■ **WHAT THE TASK REQUIRES**
From the listing that follows, reproduce only the lines from the one holding "できるかわいいショーツセットです。 | |" through the one holding "One slip pocket", both included, with no pictures.

■ **DATA FOR ANALYSIS**
######
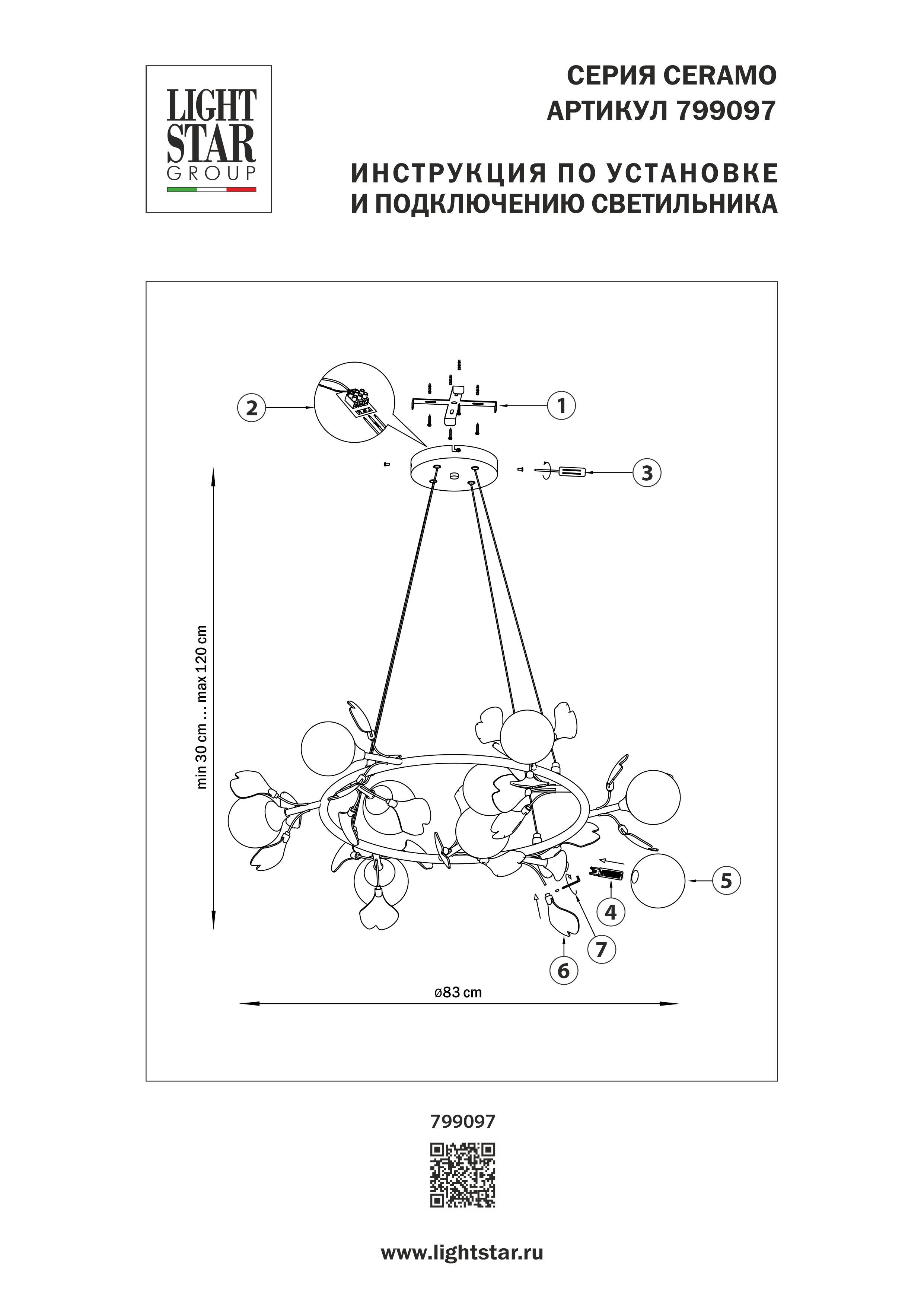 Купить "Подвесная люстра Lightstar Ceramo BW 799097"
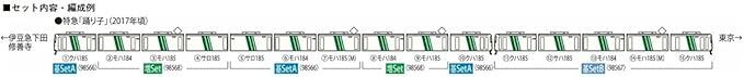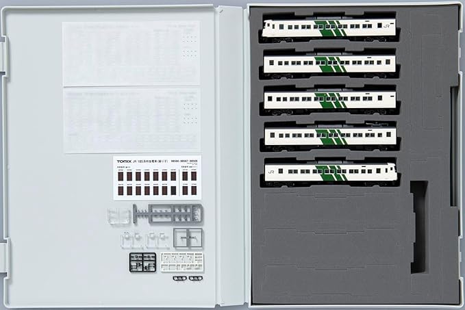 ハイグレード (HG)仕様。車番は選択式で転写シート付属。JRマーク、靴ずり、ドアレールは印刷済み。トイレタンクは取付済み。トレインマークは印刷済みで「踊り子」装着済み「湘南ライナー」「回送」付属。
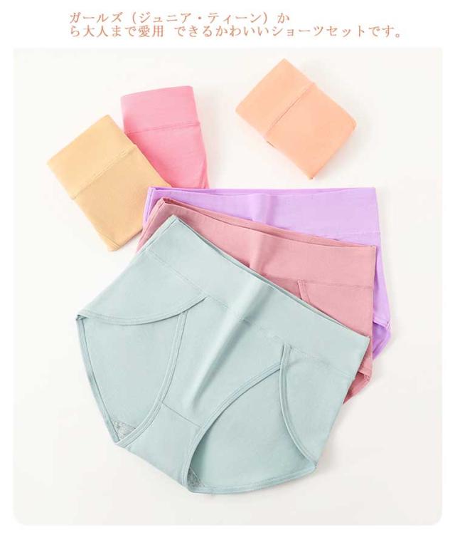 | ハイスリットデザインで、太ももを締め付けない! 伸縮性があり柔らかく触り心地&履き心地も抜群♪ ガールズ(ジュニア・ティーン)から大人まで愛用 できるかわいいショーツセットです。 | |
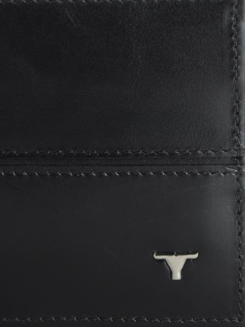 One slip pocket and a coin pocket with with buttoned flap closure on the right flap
######
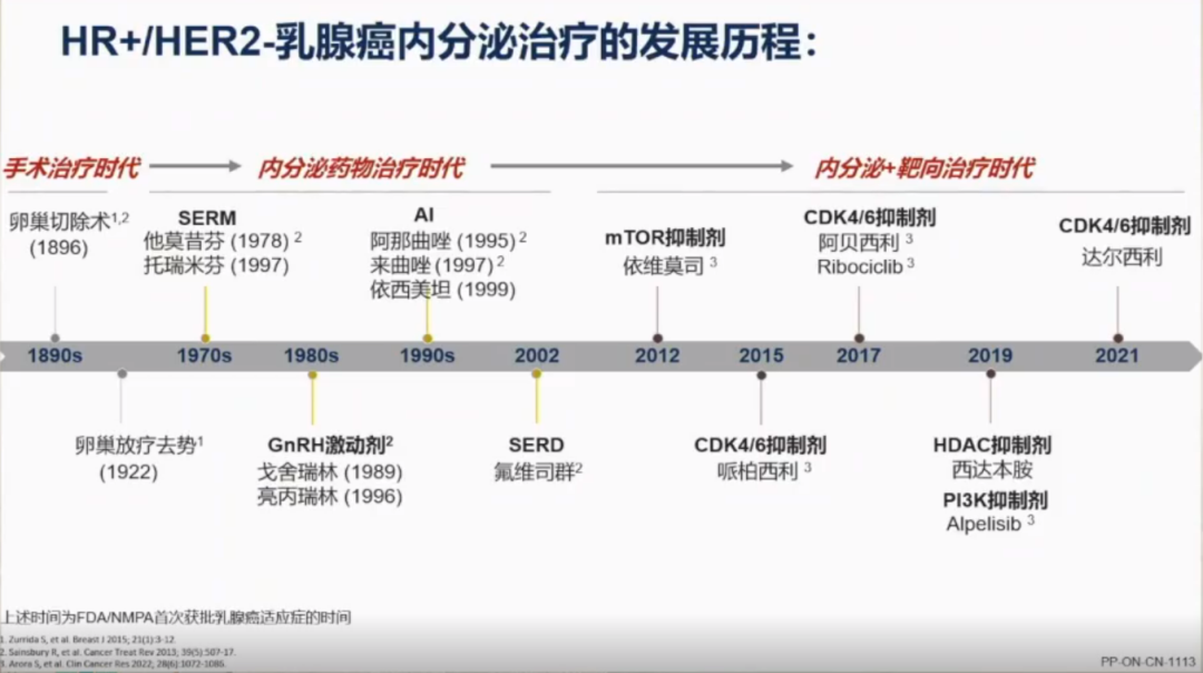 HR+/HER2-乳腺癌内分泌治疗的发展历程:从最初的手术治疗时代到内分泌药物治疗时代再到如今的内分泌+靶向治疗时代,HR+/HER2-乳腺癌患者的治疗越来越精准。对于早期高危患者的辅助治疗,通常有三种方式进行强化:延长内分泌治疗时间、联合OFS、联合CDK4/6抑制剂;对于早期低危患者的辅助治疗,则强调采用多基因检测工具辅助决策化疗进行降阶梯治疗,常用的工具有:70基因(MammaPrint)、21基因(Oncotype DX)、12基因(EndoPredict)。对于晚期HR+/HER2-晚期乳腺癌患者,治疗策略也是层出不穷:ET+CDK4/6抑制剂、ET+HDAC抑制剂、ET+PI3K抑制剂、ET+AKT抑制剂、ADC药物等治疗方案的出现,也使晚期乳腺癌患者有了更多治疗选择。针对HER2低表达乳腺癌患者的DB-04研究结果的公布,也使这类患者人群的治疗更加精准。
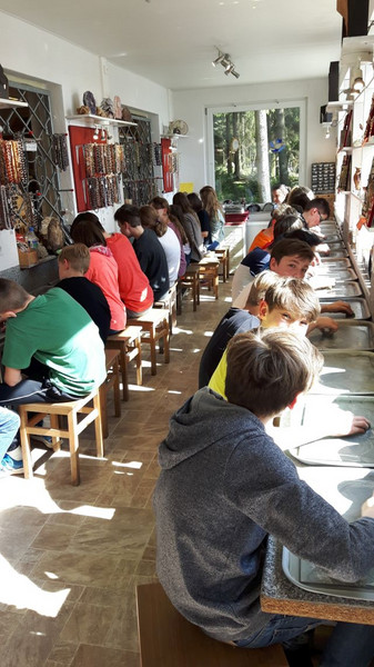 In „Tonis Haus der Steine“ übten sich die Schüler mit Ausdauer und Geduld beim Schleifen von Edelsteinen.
######
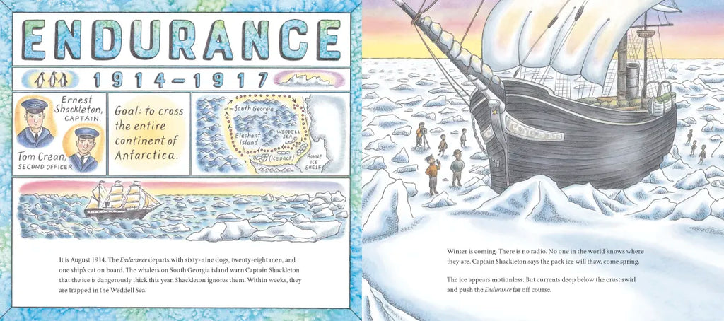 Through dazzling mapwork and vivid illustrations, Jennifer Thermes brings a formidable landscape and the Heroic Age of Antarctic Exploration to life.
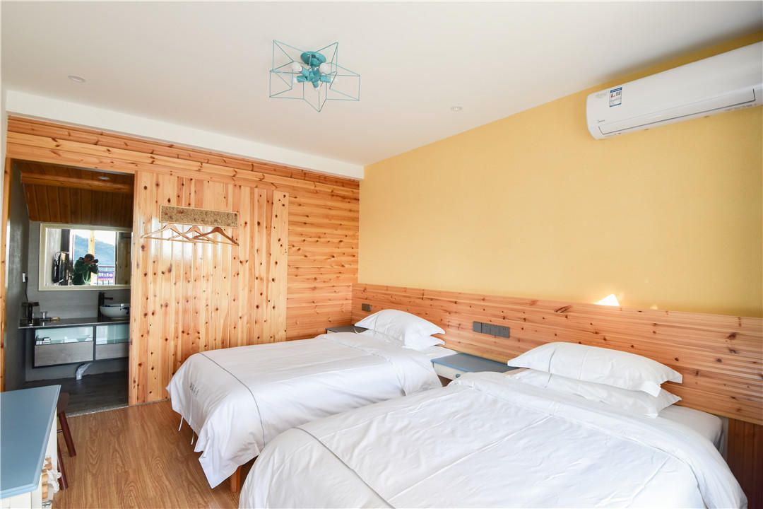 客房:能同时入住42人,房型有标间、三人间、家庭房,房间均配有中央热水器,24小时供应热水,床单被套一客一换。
######
■ **OUTPUT**
 | ハイスリットデザインで、太ももを締め付けない! 伸縮性があり柔らかく触り心地&履き心地も抜群♪ ガールズ(ジュニア・ティーン)から大人まで愛用 できるかわいいショーツセットです。 | |
 One slip pocket and a coin pocket with with buttoned flap closure on the right flap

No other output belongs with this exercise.